▶ [Task description]
Exclude the pictures, then restate exactly each line of the data below from the first through the line containing "Het ‘tien, tien, tien’".

*** Input records ***

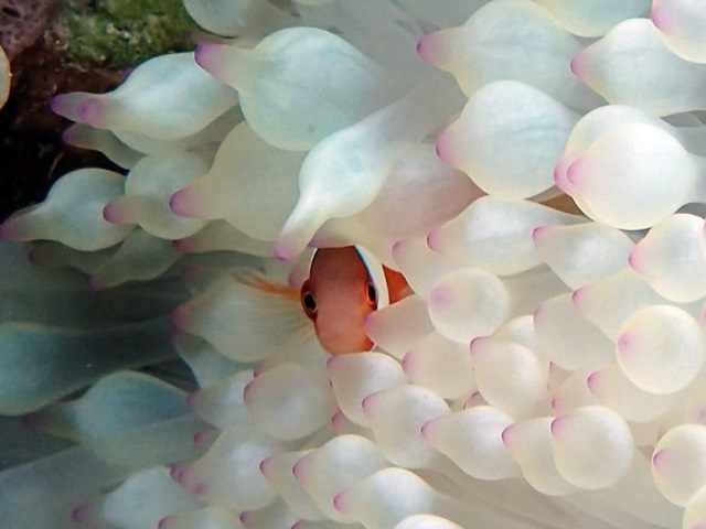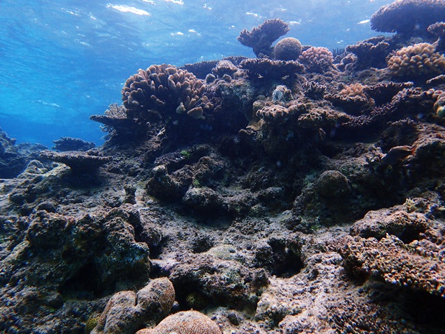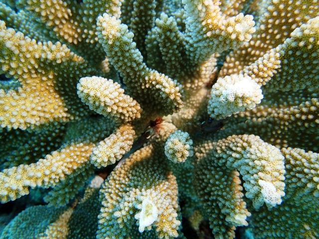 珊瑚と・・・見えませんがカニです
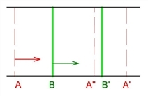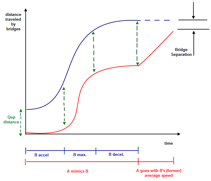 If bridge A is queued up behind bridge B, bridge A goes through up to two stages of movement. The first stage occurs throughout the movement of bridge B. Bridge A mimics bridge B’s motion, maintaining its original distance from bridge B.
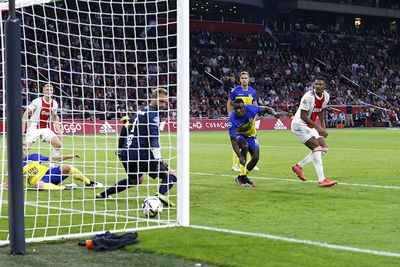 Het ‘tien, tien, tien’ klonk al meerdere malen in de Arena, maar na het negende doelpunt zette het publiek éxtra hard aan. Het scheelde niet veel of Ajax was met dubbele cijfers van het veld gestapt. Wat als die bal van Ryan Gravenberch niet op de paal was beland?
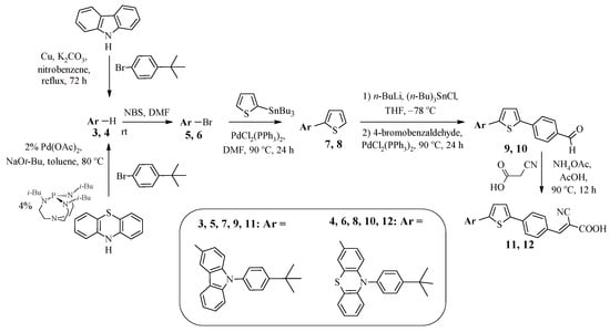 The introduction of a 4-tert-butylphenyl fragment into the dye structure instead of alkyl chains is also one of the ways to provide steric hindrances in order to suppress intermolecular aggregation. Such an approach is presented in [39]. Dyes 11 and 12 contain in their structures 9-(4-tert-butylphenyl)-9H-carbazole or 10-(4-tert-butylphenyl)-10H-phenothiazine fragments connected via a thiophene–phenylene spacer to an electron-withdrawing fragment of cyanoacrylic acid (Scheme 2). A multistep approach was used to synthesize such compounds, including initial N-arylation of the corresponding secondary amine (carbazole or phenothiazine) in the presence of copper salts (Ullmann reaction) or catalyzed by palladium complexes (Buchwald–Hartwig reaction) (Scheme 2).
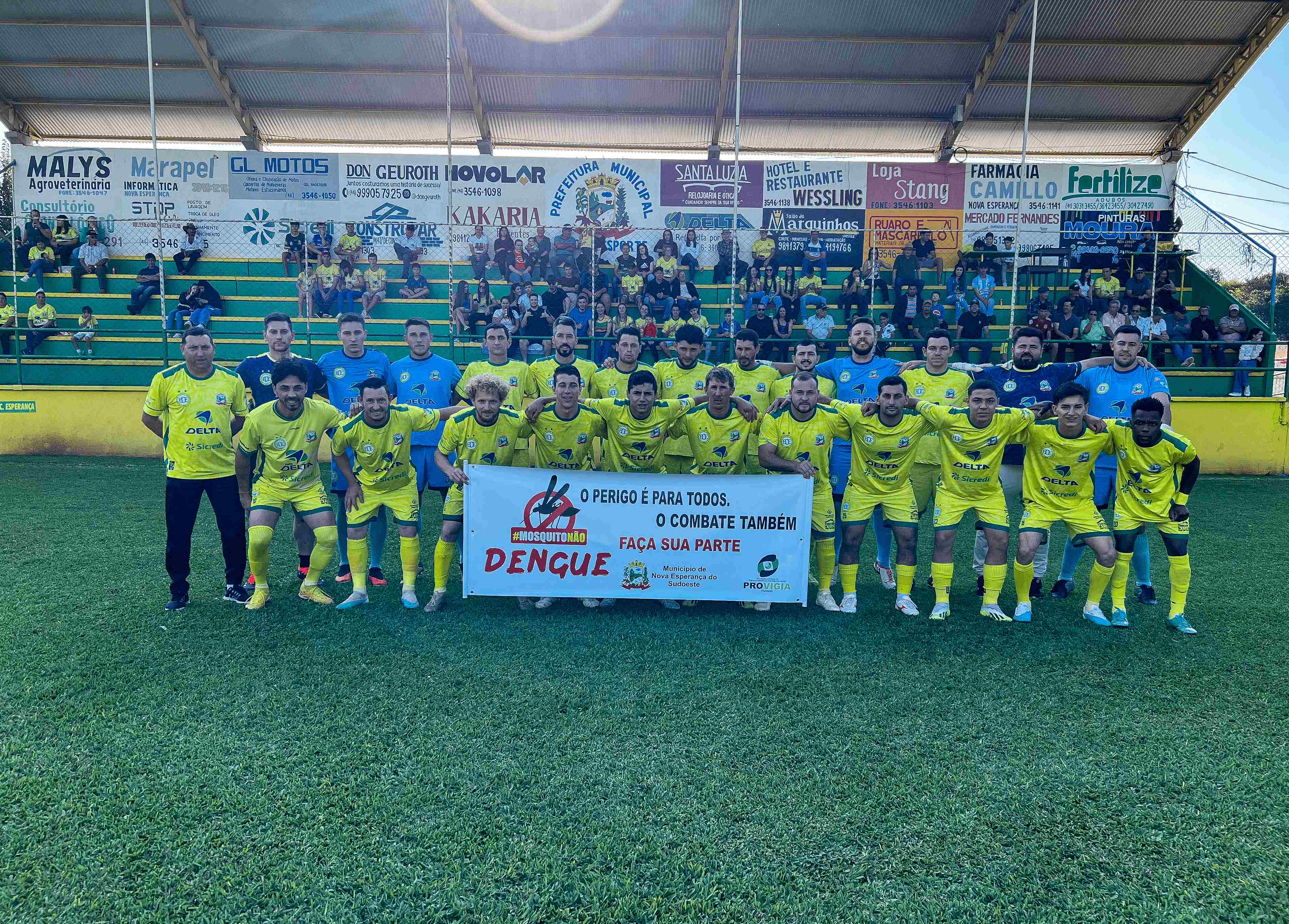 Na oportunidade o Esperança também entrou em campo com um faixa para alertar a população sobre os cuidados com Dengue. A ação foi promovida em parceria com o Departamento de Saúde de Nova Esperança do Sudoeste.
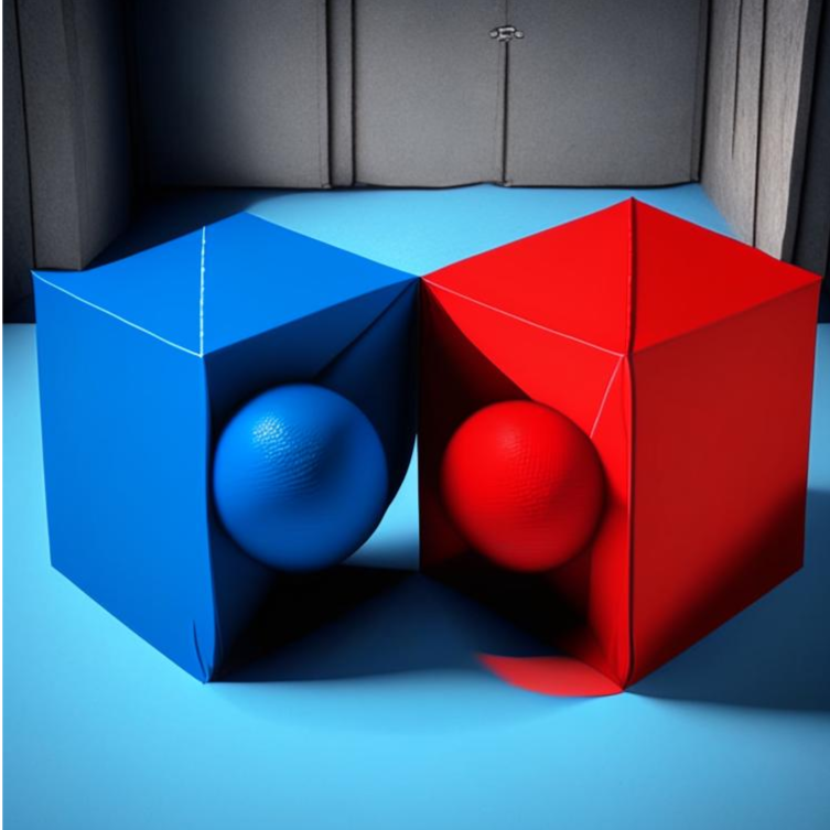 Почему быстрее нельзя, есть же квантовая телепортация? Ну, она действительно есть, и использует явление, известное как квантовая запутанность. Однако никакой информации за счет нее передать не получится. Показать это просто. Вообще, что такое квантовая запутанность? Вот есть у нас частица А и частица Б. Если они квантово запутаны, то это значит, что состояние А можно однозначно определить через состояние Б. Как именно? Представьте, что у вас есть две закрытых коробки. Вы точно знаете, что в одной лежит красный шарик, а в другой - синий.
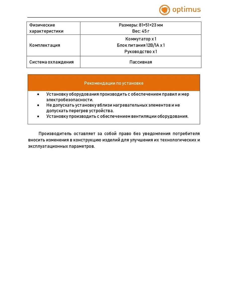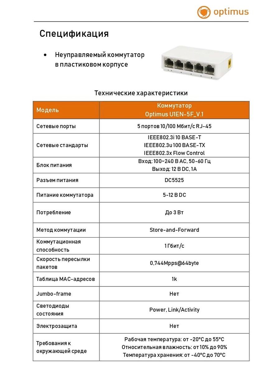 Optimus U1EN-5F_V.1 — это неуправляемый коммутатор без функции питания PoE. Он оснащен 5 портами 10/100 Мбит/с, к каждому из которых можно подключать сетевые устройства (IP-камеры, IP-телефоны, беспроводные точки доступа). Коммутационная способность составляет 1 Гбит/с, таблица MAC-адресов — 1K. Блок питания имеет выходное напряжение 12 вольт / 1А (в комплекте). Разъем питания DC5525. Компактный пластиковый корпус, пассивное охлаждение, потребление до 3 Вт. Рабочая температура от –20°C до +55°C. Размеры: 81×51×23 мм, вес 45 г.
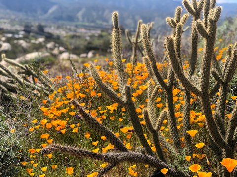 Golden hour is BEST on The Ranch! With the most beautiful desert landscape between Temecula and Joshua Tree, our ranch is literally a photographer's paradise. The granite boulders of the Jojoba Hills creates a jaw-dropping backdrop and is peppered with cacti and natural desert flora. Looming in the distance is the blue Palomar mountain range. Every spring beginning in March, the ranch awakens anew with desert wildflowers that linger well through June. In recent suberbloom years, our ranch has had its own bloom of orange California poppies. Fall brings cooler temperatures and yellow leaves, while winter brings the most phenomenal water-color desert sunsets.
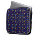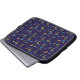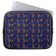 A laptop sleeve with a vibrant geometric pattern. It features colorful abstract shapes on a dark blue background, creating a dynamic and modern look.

*** End of Input records ***

▶ [Answer space]
 珊瑚と・・・見えませんがカニです
 If bridge A is queued up behind bridge B, bridge A goes through up to two stages of movement. The first stage occurs throughout the movement of bridge B. Bridge A mimics bridge B’s motion, maintaining its original distance from bridge B.
 Het ‘tien, tien, tien’ klonk al meerdere malen in de Arena, maar na het negende doelpunt zette het publiek éxtra hard aan. Het scheelde niet veel of Ajax was met dubbele cijfers van het veld gestapt. Wat als die bal van Ryan Gravenberch niet op de paal was beland?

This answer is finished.